Pretty similar. Based on the above, it seems reasonable to say that a substance that is harmful but is not produced by an animal would normally not be called a "venom", but rather a "poison", although "venom" might be possible in poetic contexts or for some literary purpose like variation in word choice.

Whether venom is or isn't a subset of poison depends on if you are using the words in a "technical" sense

The more debated question is when to call a substance produced by animals "poison" vs. "venom".

The general definition of "poison" is broad enough to encompass venom.

I think that in practice, "poison" and "poisonous" are not infrequently used to refer to venom and venomous creatures. This is demonstrated to some extent by the CoCA frequencies for "venomous snakes" (71) vs. "poisonous snakes" (153). Looking through the results suggests that few if any of the uses of "poisonous snakes" are meant to specify that the snake is harmful to touch or eat.
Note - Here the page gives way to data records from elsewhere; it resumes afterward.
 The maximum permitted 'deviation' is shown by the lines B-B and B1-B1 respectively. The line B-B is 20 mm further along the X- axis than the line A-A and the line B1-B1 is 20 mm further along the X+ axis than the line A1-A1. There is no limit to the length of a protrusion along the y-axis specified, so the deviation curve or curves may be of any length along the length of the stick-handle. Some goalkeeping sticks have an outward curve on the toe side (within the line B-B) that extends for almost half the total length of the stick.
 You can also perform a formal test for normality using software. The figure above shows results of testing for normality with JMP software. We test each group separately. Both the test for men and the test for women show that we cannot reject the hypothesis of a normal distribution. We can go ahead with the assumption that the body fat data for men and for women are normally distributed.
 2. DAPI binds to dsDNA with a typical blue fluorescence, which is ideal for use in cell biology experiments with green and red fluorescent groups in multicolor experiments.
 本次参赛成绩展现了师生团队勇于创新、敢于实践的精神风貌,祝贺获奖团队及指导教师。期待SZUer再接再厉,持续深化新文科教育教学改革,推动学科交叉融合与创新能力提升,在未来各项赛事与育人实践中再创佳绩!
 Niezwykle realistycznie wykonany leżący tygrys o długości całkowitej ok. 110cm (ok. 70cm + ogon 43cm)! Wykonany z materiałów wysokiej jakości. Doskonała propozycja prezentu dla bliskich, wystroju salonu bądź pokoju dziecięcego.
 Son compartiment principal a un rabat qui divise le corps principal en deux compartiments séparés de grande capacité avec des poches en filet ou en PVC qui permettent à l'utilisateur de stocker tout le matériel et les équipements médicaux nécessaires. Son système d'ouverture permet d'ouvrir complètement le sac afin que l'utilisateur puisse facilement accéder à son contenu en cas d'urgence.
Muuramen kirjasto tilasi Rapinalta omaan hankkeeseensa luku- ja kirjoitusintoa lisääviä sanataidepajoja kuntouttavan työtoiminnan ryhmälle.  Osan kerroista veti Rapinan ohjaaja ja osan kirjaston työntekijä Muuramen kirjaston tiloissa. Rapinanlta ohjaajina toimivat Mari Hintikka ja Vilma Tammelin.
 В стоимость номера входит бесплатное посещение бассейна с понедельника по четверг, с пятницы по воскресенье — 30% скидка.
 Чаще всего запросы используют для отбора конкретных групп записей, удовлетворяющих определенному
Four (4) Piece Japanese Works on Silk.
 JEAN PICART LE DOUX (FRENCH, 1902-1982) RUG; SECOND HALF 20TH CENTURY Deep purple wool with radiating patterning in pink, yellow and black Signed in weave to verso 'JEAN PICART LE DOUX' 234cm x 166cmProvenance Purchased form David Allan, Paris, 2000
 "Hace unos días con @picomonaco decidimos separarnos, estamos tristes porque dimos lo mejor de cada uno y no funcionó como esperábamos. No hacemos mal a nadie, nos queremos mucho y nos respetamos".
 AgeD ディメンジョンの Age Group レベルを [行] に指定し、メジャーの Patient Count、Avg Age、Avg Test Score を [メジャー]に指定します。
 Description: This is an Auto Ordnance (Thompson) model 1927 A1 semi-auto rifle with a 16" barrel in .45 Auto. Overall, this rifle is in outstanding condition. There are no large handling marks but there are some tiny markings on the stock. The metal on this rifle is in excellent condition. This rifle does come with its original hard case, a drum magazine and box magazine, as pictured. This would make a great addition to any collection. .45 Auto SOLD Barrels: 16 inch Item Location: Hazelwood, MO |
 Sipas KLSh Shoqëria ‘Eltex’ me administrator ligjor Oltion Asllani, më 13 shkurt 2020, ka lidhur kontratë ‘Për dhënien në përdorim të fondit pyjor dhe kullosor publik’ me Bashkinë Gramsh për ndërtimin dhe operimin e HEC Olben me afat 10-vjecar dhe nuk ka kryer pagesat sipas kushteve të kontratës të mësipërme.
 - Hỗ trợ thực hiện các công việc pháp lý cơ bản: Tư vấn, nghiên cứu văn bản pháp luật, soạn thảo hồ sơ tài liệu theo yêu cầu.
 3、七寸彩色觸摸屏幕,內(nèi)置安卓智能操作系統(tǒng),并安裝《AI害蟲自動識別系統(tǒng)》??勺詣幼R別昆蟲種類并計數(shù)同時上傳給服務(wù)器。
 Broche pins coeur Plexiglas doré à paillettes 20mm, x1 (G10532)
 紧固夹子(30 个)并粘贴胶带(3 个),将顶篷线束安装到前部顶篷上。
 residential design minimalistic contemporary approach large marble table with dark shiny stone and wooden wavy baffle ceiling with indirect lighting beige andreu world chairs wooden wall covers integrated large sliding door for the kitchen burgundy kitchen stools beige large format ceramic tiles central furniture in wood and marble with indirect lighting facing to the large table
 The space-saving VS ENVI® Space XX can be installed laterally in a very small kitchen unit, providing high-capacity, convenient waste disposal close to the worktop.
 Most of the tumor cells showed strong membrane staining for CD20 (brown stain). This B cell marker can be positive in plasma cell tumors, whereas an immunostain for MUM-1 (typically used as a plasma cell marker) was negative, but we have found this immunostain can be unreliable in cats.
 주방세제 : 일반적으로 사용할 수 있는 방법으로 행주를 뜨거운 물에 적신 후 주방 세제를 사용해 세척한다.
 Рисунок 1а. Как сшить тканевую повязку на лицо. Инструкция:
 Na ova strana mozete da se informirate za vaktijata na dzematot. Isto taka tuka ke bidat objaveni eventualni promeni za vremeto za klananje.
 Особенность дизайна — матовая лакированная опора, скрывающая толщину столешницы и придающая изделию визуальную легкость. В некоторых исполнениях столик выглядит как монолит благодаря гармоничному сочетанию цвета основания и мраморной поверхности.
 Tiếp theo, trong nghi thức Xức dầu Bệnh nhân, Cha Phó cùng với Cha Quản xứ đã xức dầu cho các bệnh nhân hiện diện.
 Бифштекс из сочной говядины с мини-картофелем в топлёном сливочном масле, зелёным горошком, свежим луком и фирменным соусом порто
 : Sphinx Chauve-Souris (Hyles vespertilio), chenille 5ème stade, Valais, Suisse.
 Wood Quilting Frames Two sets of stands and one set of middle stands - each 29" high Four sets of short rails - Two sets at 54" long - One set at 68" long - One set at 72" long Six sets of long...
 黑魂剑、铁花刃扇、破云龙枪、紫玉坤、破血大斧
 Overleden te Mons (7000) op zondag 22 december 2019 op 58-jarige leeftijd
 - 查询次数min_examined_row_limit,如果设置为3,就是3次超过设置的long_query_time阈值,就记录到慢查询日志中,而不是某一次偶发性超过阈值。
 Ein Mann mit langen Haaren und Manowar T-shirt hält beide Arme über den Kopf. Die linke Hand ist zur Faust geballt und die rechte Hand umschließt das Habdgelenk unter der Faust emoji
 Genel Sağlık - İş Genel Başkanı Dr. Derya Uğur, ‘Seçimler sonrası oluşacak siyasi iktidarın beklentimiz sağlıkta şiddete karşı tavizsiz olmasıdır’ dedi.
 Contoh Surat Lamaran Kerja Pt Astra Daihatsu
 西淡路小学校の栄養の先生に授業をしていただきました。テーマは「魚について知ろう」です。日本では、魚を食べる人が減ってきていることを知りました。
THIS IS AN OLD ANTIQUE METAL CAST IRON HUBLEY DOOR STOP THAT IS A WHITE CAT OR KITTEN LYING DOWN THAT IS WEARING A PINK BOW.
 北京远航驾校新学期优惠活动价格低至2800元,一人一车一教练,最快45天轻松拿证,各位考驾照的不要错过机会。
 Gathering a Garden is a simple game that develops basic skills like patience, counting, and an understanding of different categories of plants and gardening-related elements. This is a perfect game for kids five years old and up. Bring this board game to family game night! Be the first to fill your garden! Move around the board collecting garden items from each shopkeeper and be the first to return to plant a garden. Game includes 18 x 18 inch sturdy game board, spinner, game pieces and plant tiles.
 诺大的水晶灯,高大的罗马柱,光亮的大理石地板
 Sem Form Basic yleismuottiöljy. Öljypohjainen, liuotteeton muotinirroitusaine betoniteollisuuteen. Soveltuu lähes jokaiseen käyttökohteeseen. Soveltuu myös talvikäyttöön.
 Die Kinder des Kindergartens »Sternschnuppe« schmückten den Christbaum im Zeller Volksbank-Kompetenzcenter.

Even for academic sources, "poisonous snakes" is more frequent at 12 vs. 5, suggesting that the broad use of "poison(ous)" has currency even in edited texts written by educated speakers.

A more restrictive definition of "poison" that excludes venom can be found in the technical usage of some specialized fields such as biology or medicine, but I would say that it isn't adhered to in common usage.

E.g. the Wikipedia article on poison cites the following article, "Poison vs. Venom" from the Australian Academy of Science's website which draws the distinction in the following way:

Poison is a toxin that gets into the body via swallowing, inhaling or absorption through the skin. [...] Venom is a specialised type of poison that has evolved for a specific purpose. It is actively injected via a bite or sting. Because venom has a mixture of small and large molecules, it needs a wound to be able to enter the body, and to be effective must find its way into the bloodstream.

However, the article starts with an acknowledgement that "The terms are often used interchangeably".

Looking up the example of the spitting cobra mentioned in a comment by WhatRoughBeast caused me to learn that a third term, "toxungen", was coined in 2013 to refer to toxic biological secretions that are "delivered to the body surface without an accompanying wound".* So if you're writing for a technical audience and follow this proposed terminological scheme, you might make a three-way distinction between poisons, venoms, and toxungens. But there is no binding obligation to observe either this trichotomy or the poison-venom dichotomy in non-technical writing: it's a matter of opinion whether it's advisable or pointless to try to stick to the technical definitions of these words in non-technical contexts.

*"Poisons, toxungens, and venoms: redefining and classifying toxic biological secretions and the organisms that employ them", Nelsen et al., Biol Rev Camb Philos Soc. 2014 May;89(2):450-65. doi: 10.1111/brv.12062. Epub 2013 Sep 17. PMID: 24102715.